Atlas Performing Arts Center—Lab II

Remaining Performances (tickets available here):

Sunday, July 12, 10:15 p.m.
Saturday, July 18, 8:30 p.m.
Thursday, July 23, 7:45 p.m.
Saturday, July 25, 4:30 p.m.

They say: Suffering from insomnia, lonely government economist Connie gets hooked on Ambien. When she discovers she’s been dating the local food truck guy in her sleep, she must battle her edgy alter-ego to regain control of her life.

Andrew’s take: I felt like I needed an Ambien after watching Ambien Date Night. The worker-bee comedy is paced so haphazardly—scenes rarely last for longer than a couple minutes before the lights dim again and the cast of four frantically reorganizes the setting—that a coherent rhythm is never established. By the end I mostly felt exhausted and frazzled, hence my cravings for that wonder drug.
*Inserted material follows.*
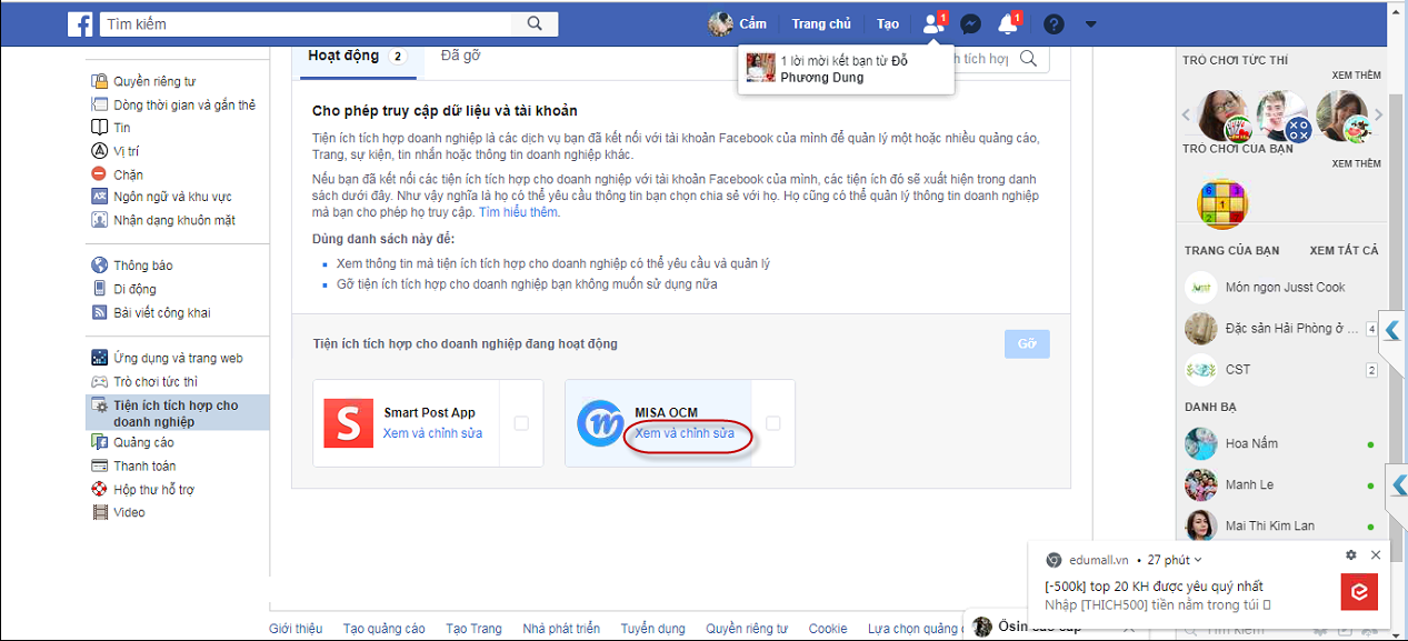 1. Đăng nhập TK Facebook, click vào biểu tượng ở góc trái màn hình, chọn Cài đặt\ Tiện ích tích hợp cho Doanh Nghiệp.

But there are still good times to be found in Jessica Erin Bylander’s very D.C.-centric play. The premise, in which raggedy insomniac government employee Connie (Katie Maconaughey) downs Ambien to sleep only to Jekyll-and-Hyde into lusty alter ego CJ, holds a lot of promise. “Rise above your genetics,” CJ snarls to herself in the mirror, one of the show’s best lines, as she aims to ensnare Connie’s food-truck crush (Bryan Norrington) for herself. It ultimately leads, as it must, into a “dream battle” showdown between Connie and CJ for control of their body. Here, Maconaughey shows off her comic chops pitting each distinct personality against each other.
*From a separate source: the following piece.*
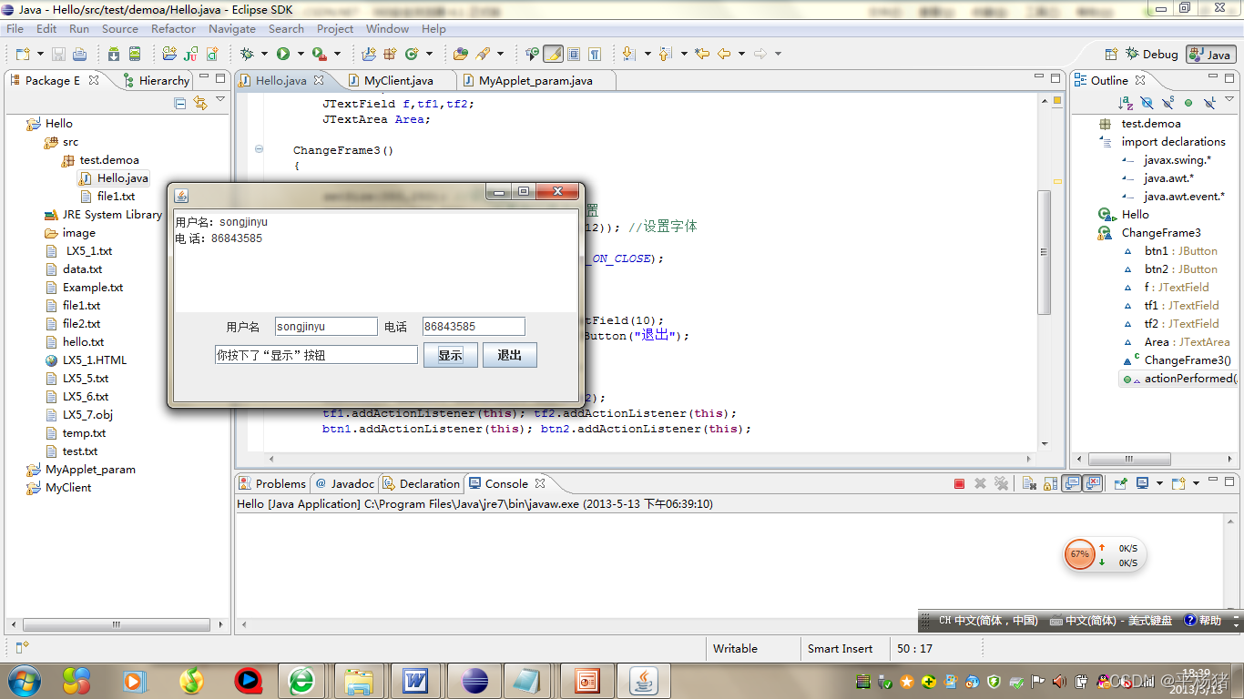| 二、实验内容: 二.了解事件处理机制 在图形用户界面中,程序和用户的交互是通过组件响应各种事件来实现的。例如,用户单击了一个按钮,意味着发生了按钮的单击事件;选中下拉框中的一个选项,意味着发生了一个选项事件。在Java 中能产生事件的组件叫做事件源,如按钮。如果希望对单击按钮事件进行处理,可给事件源(按钮)注册一个事件监听器(如包含按钮的容器),如同签订了一个委托合同,当事件源发生事件时,事件监听器就代替事件源对发生的事件进行处理,这就是所谓的委托事件处理机制。 在窗口中添加组件 (1)程序功能:在窗口中添加组件。 (2)编写程序文件,响应按钮事件,当按下显示按钮时,文本框1中显示此时用户名和电话,文本框2显示“你按下了“显示”按钮”。当按下退出时,程序关闭。 (3)编译并运行程序,界面窗口如图所示。

And Amanda Haddock Duchemin, playing the goofy friend with cutting delivery, walks away with the whole show. She’s an expert at playing to the crowd, so when she gets to stomp around through the audience during the climax, it’s a hell of a lot of fun.
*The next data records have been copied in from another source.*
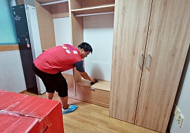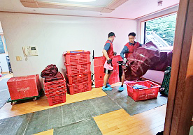 영구크린 전용차량, 유니폼 및 전용자재 사용, 바닥보강재 설치 완료, 아이스박스 청결 양호, 이중비닐 포장 및 에어캡 포장, 가전, 가구 커버포장 진행 등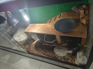 Se vende terrario espacioso para reptiles hecho a mano. Con dos puertas abatibles en la parte superior. Lampara de luz normal incorporada en el techo. Se sostiene sobre dos caballetes que no estan fijos. Estan mordisqueados por El conejo pero cumplen su funcion. Pueden sustituirse por otros facilmente Tiene dos casquillos en cada esquina para lamparas de calor o UV. No incluye accesorios. Tiene bastante uso y presenta desconchones en la madera, de ahi el precio. Solo en persona.
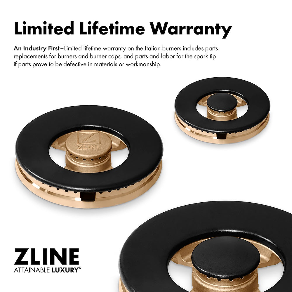 - Industry First Lifetime Burner Warranty - Limited lifetime warranty on ZLINE Italian burners includes part replacements for burners and burner caps, and parts and labor for spark tips if parts prove to be defective in materials or workmanship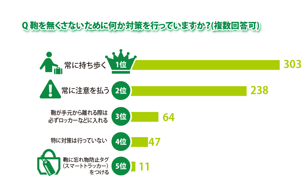 続いて「鞄が手元から離れる際は必ずロッカーなどに入れる」64人(14.8%)、「特に対策は行っていない」47人(10.9%)、「鞄に忘れ物防止タグ(スマートトラッカー)やGPSデバイスを取り付ける」11人(2.6%)の順でした。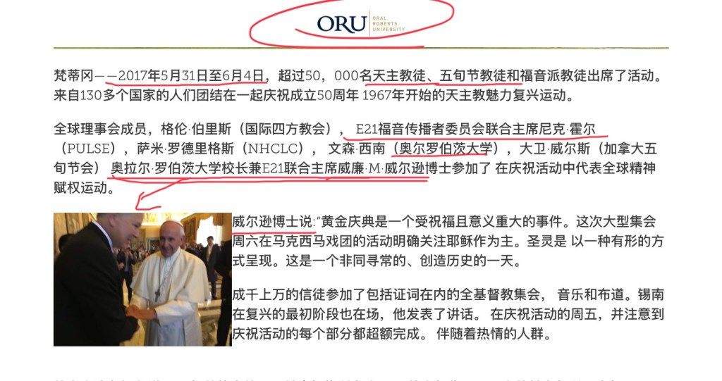 下图是2017年 Bill Wilson(威尔逊)参加了庆祝天主教灵恩运动50周年的活动,并与教宗方济各握手的报道截图:

But much like Connie herself, the play lacks a certain self-confidence. How else to explain a pointless montage sequence, underscored by a song called “Connie’s Boring-Ass Montage”? Or the lack of any real stakes, as CJ appears to have some grand scheme but never hints at what that might be? The choppy pacing is a constraint from which director Strother Gaines never fully escapes. Worse, it keeps Duchemin from really letting loose with her comedic persona—something she did much better, funny enough, during the show’s own preview snippet at Fringe Preview Night. The premise never gets as absurd as it needs to work as either pharmaceutical farce or D.C. lampoon, though jokes about funnel cakes being the new cupcakes come closest.

This may be a bitter pill to swallow, but sometimes it takes more than a killer idea and a mean streak to make an effective workplace comedy.

See it if: You’ve ever woken up in your own bed and wondered how you got there.

Skip it if: You just want to slow down for a second.